Metals - Gold Bulls Need A Stand Here

June gold futures have seen unbelievable volatility over the past few weeks. We are now seeing an average move of $49 for the average true range on any given day. We made a high of $1789 and are now just days later at $1710 at the time of this article. Investors should be cautious in this market and potentially look at the options contracts and smaller futures contracts such as the 10,33, and 50 oz contracts if new to trading futures. I can provide strategies depending on the client’s risk tolerance and bias in gold for anyone interested.

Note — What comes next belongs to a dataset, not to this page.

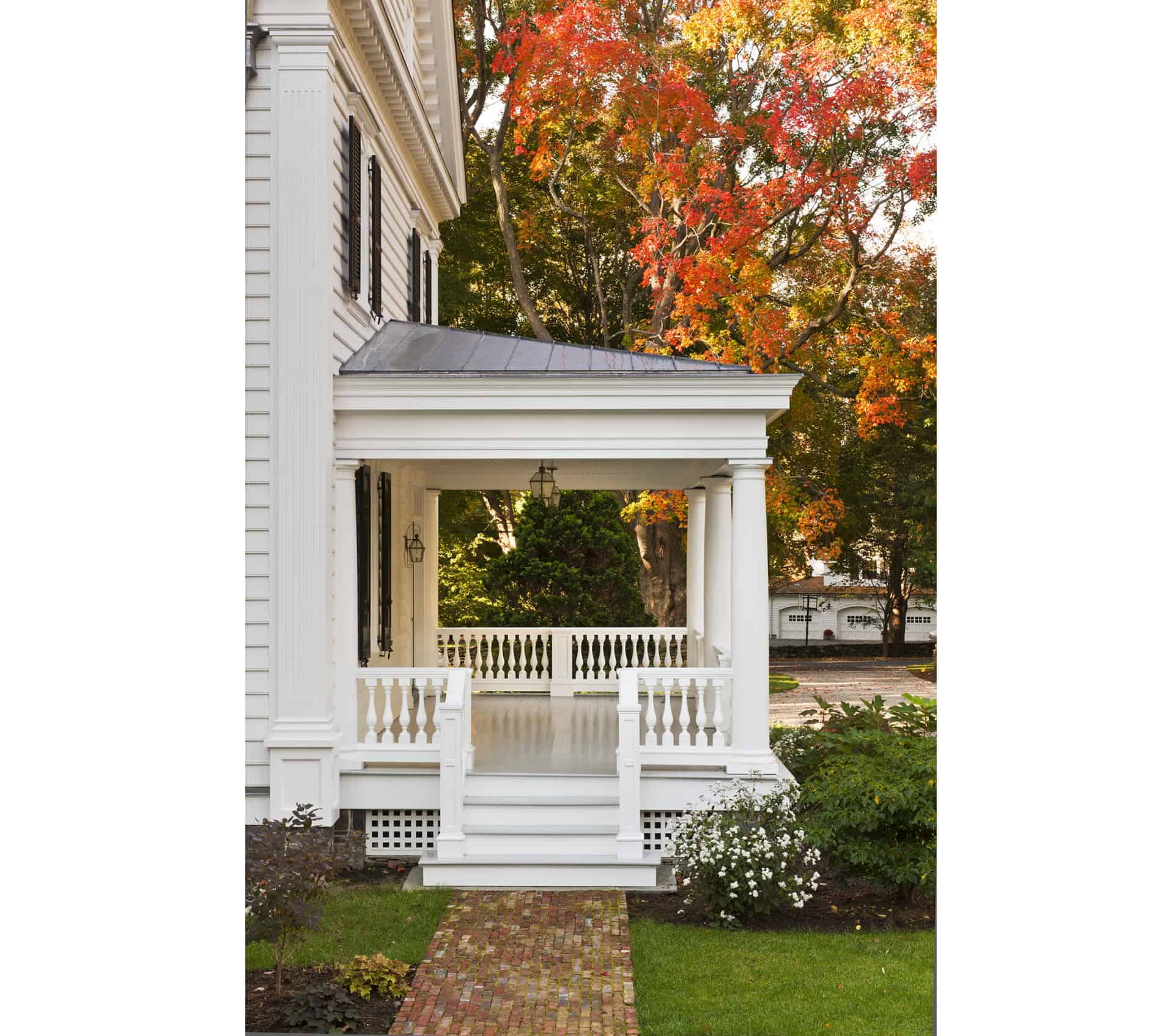 The exterior materials were carefully selected to reflect the traditional New England aesthetic. The house features ¾-inch beaded clear mahogany clapboard siding, complemented by a cedar shingle roof. The foundation base is constructed from salvaged stone, adding a sense of history and continuity to the design. Multiple porches, constructed of mahogany and topped with lead-coated copper roofs, provide outdoor living spaces that connect the interior to the surrounding landscape. The doors are layered with dense paint, giving them an appearance of having been painted over the years, further enhancing the home’s timeless character.

Technically speaking, gold has not seen a close below $1700 since April 8th. We need to maintain closes above $1700 at a minimum in order to justify a push above $1800 in my opinion. The volume has been very low and less than half of the average trading volume since the end of March. This should be taken into consideration as big moves up or down can be taken with a grain of salt. It’s important to look at key price levels, and right now we need a new high sooner than later with some closes above $1750 now needed. We could also be setting up for another push above the recent high of $1788 with a bull flag pattern appearing to form with the 4-day selloff. Is now the time to buy? If you are bullish gold and don’t believe the stock market bounce, yes, this is a level that should be considered for long exposure. The fed is printing money on an endless basis, and the stock market could easily be derailed by additional negative economic data which has been horrendous so far. There are clear reasons to own the precious metal, and it won’t take much to push us back to the highs in my opinion.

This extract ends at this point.